For double immunofluorescence examination, sections were incubated at 4 °C overnight with the mouse antibody for SPINT1 (1:200, sc-137159) and rabbit antibody for E-cadherin (1:200, 20874-1-AP) or Smad-interacting protein 1 (SIP1) (1:200, C10133), followed by incubation at RT for 60 min with Alexa Fluor 488-anti-mouse IgG (1:200, Abcam, ab150113) and Alexa Fluor 594-conjugated anti-rabbit IgG (1:200, Abcam, ab150080) antibodies, respectively. In addition, we performed double immunofluorescence examination using two-kinds of antibodies for SPINT1 (GTX114793) and mitochondria and those for SPINT1 (sc-137159) and EEA1, a marker for endosomes (NBP1-30914). Before incubation with primary antibodies, antigen retrieval was performed by heating sections in 10 mM sodium citrate buffer (pH 6) or 1 mM Tris-EDTA (pH 9) at 95 °C for 20 min. The sections were then incubated for 60 min at RT in Monomeric Cyanine Nucleic Acid Stain (TO-PRO-3, Molecular Probes, Eugene, OR, USA), which was diluted to 2.5 μM in PBS. The fluorescent signals were viewed under a confocal microscope (Carl Zeiss LSM700, Oberkochen, Germany). As a control experiment, we performed an identical immunohistochemical procedure with omission of the primary antibodies. For immunohistochemical analysis of mouse CP, mice (n = 3) were perfused with PBS, followed by perfusion with 4% paraformaldehyde in 0.1 M phosphate buffer (pH 7.4). Dissected tissues were postfixed with the same fixative at 4 °C overnight, embedded in paraffin, and cut into 4 μm-thick sections. Immunohistochemical staining was performed in the same way as for human brains.
4.4. Morphometry
Immunohistochemical staining for SPINT1 (sc-137159) in ten human brains was visualized, and images were captured using an Olympus microscope (Olympus, Tokyo, Japan) equipped with a 2.8-megapixel digital camera at a resolution of 1920 × 1440 pixels and ×400 total magnification. Ten randomly selected, non-overlapping microscopic fields were analyzed from each section. In cases where the CP tissue area was insufficient to obtain ten unduplicated views, all available CP tissue regions within the section were analyzed. Prior to image analysis, each captured image was resized to 30% of its original dimensions to optimize computational performance. Epithelial cells of CP were then automatically segmented and identified using Cellpose, a deep-learning-based cell segmentation algorithm. The expression level of SPINT1 in individual cells was evaluated by digitally quantifying the signals and calculating the ratio of the immunoreactive (brown-stained) area to total segmented area, which was defined as the brown ratio, in each epithelial cell.

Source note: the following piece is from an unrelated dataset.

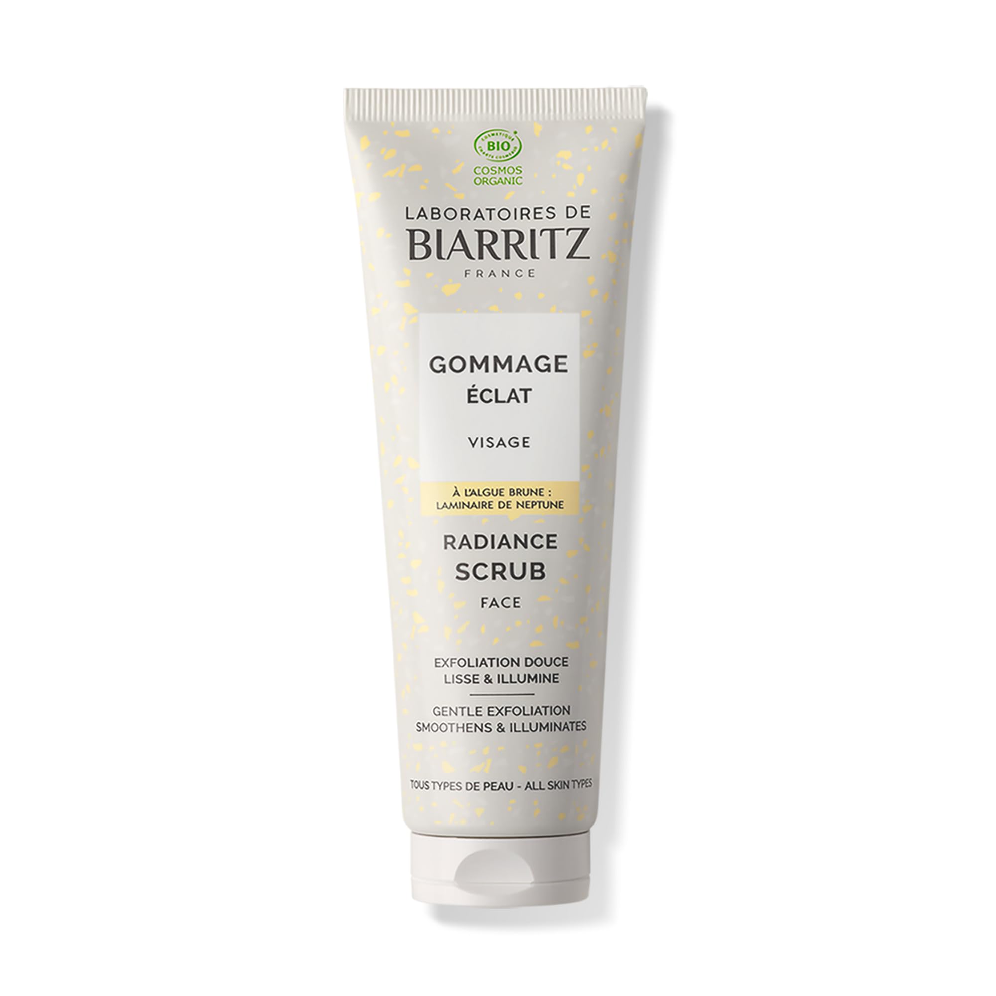 Enriched with moisturizing and soothing active ingredients, the Certified Organic Radiance Facial Scrub gently removes dead skin cells and refines skin texture. It activates cell renewal and leaves the complexion fresh and radiant. Learn more Description The Certified Organic Radiance Facial Scrub is an essential step in a good skincare routine for beautiful skin. It gently removes dead skin cells while refining skin texture. Its natural mechanical exfoliation activates cell renewal and microcirculation. It reveals a fresh and radiant complexion. Skin texture is smoothed, and skin does not feel tight after use. It soothes tightness and revives the skin's radiance thanks to its key active ingredient: Neptune's Kelp (Laminaria saccharina), a brown algae extract. It gently exfoliates thanks to two plant-based exfoliants: coconut powder and castor wax. It hydrates, protects, nourishes, and provides an anti-redness effect thanks to organic aloe vera, organic jojoba oil, and organic alpha-bisabolol. This facial scrub is suitable for all skin types, and its light and delicate fragrance (water lily, cotton flower) provides a truly relaxing experience. We love it because: It gently removes dead skin cells leaves the complexion fresh and radiant is suitable for all skin types is vegan is suitable for pregnant and breastfeeding women comes in a recycled and recyclable tube is safe for use during pregnancy and breastfeeding and has proven effectiveness: 90 ² found their skin texture was smoother 90 ² found their skin did not feel tight after use.² (Consumer test conducted on 26 women over 3 weeks. Under dermatological and ophthalmological control.) Composition INGREDIENTS: Aqua, Caprylic Capric Triglyceride, Glycerin, Hydrogenated Castor Oil, Glyceryl Stearate Citrate, Cetearyl Alcohol, Simmondsia Chinensis Seed Oil , Cocos Nucifera Shell Powder, Pentylene Glycol, Laminaria Saccharina Extract, Aloe Barbadensis Leaf Juice Powder , Bisabolol , Parfum, Sodium Levulinate, Xanthan Gum, Disodium Cocoyl Glutamate, Propanediol, Sodium Anisate, Helianthus Annuus Seed Oil, Tocopherol, Citric Acid, Sodium Cocoyl Glutamate Ingredients from organic farming. 100 of the total ingredients are of natural origin. 55.8 of the total ingredients are from Organic Farming. COSMOS ORGANIC certified by Ecocert Greenlife according to the COSMOS standard. Ingredients: Aqua, Caprylic Capric Triglyceride, Glycerin, Hydrogenated Castor Oil, Glyceryl Stearate Citrate, Cetearyl Alcohol, Simmondsia Chinensis Seed Oil , Cocos Nucifera Shell Powder, Pentylene Glycol, Laminaria Saccharina Extract, Aloe Barbadensis Leaf Juice Powder , Bisabolol , Parfum, Sodium Levulinate, Xanthan Gum, Disodium Cocoyl Glutamate, Propanediol, Sodium Anisate, Helianthus Annuus Seed Oil, Tocopherol, Citric Acid, Sodium Cocoyl Glutamate. Ingredients from Organic Farming. 100 of the total ingredients are of natural origin. 55.8 of the total ingredients are from Organic Farming. Organic, COSMOS ORGANIC certified by Ecocert Greenlife according to the COSMOS standard. P.when('A').execute(function(A) { A.on('a:expander:toggle_description:toggle:collapse', function(data) { window.scroll(0, data.expander. expander[0].offsetTop-100) }) }) Directions for use: 1. Apply a small amount of product to a damp face, avoiding the eye area. 2. Gently massage in circular motions. 3. Rinse thoroughly with clean water. 4. Use once or twice a week. See moreGently removes dead skin cells. It hydrates, protects, nourishes, and reduces redness thanks to organic aloe vera, organic jojoba oil, and organic alpha-bisabolol. It gently exfoliates with two plant-based exfoliants: coconut powder and castor wax. It soothes tightness and restores radiance thanks to its key ingredient: Laminaria saccharina, a brown algae extract. Skin texture is smoothed, and there is no tightness after use. It reveals a fresh and luminous complexion.Description du produit Enrichi en actifs hydratants et apaisants, le Gommage Éclat Visage certifié Bio élimine les cellules mortes en douceur et affine le grain de peau. Il active le renouvellement cellulaire et rend le teint frais et lumineux. En savoir plus Description Le Gommage Éclat Visage certifié Bio est une étape indispensable dans une bonne routine de soins pour avoir une belle peau. Il élimine en douceur les cellules mortes, tout en affinant le grain de peau. Son exfoliation mécanique et naturelle active le renouvellement cellulaire et la microcirculation. Il révèle un teint frais et lumineux. Le grain de peau est lissé, la peau ne tiraille pas après utilisation. Il apaise les tiraillements et ravive l'éclat de la peau grâce à l'actif phare : la Laminaire de Neptune (Laminaria saccharina), un extrait d'algue brune. Il exfolie en douceur grâce à deux exfoliants d'origine végétale : la poudre de noix de coco et de la cire de ricin. Il hydrate, protège, nourrit et procure un effet anti-rougeurs grâce à l'aloe vera Bio, l'huile de jojoba Bio et l'alpha-bisabolol Bio Ce gommage visage est adapté à tous les types de peau et son parfum léger et délicat (nénuphar, fleur de coton) procure un réel instant de détente. On l'aime pour Élimine les cellules mortes tout en douceur Rend le teint frais et lumineux Convient à tous les types de peau Vegan Adapté aux femmes enceintes et allaitantes Packaging en tube recyclé et recyclable Utilisable chez la femme enceinte et allaitante Efficacité prouvée 90 ² trouvent que le grain de peau est lissé 90 ² trouvent que la peau ne tiraille pas après utilisation ² Test d'usage réalisé sur 26 femmes, pendant 3 semaines. Sous contrôle dermatologique et ophtalmologique. Composition INGREDIENTS : Aqua, Caprylic Capric Triglyceride, Glycerin, Hydrogenated Castor Oil, Glyceryl Stearate Citrate, Cetearyl Alcohol, Simmondsia Chinensis Seed Oil , Cocos Nucifera Shell Powder, Pentylene Glycol, Laminaria Saccharina Extract, Aloe Barbadensis Leaf Juice Powder , Bisabolol , Parfum, Sodium Levulin

Image processing and quantitative analyses were conducted using custom Python scripts (version, 3.12.5) incorporating Cellpose, OpenCV, NumPy, and Pandas libraries, adapting methods described in previous papers [9,13]. Cells with a less than 200-pixel area, corresponding to cells less than 7 μm in diameter, were excluded to minimize non-epithelial cell contamination. In addition, DAB intensity was quantified as the mean pixel value of the V-channel in the HSV color space (range: 0–255). A total of 4608 cells were analyzed across all samples. The associations between cell areas and immunoreactive area ratios (brown ratios) and between cell areas and DAB intensity were statistically assessed using Spearman’s rank correlation coefficient. Significance was defined as a p-value less than 0.05.
4.5. RT-PCR
After perfusion with PBS, CP tissues in the lateral and fourth ventricles and small intestine tissues were isolated from mice (n = 3) and total RNA was extracted using ReliaPrep™ RNA Tissue Miniprep System (Promega, Fitchburg, WI, USA) [19]. cDNA was synthesized using ReverTra Ace® qPCR RT Master Mix (Toyobo). Ten nanograms of cDNA were used as a template and amplified with PrimeSTARR Max DNA Polymerase (TAKARA BIO INC., Kusatsu, Japan) and specific primers [19]. Primer sequences used for RT-PCR were as follows: spint1 sense 5′-CTGCGCAGGTCACAAGCA-3′, antisense 5′-GAGCGAACTTGCACACGAAG-3; gapdh sense 5′-CAAGGTCATCCATGACAACTTTG-3′, antisense 5’-GTCCACCACCCTGTTGCTGTAG-3’. PCR amplification cycle conditions were 25 or 28 (gapdh) and 33 or 35 (spint1) cycles of 10 s at 98 °C, 5 s at 55 °C, and 5 s at 72 °C. Amplicons were electrophoresed on a 2% agarose gel, stained with Midori Green Advance (Nippon Genetics, Tokyo, Japan), and visualized with blue LED (470 nm) transilluminator (AMZ System Science, Osaka, Japan). Amplified fragments were subjected to direct sequencing (Eurofins Genomics, Tokyo, Japan).
5. Conclusions
In mice and humans, SPINT1 is expressed in epithelial cells of the CP in relation to E-cadherin expression.
Supplementary Materials
The following supporting information can be downloaded at: https://www.mdpi.com/article/10.3390/ijms26115130/s1.
Author Contributions
Conceptualization, M.U. and Y.C.; methodology, R.M., Y.C. and M.U.; software, R.M.; formal analysis, R.M. and M.U.; investigation, R.M., Y.C., G.T. and K.W.; resources, R.M., Y.C., Y.M., K.M. and M.U.; data curation, R.M. and M.U.; writing—original draft preparation, R.M. and M.U.; writing—review and editing, Y.C., K.M., N.U., K.Y. and Y.O.; supervision, Y.O.; project administration, M.U.; funding acquisition, R.M., Y.C. and M.U. All authors have read and agreed to the published version of the manuscript.
Funding
Authors R.M.: Y.C. and M.U. were supported by grants from JSPS KAKENHI 24K17847 (R.M.), 23K10827 (Y.C.), and 24K10554 (M.U.) of Japan, respectively.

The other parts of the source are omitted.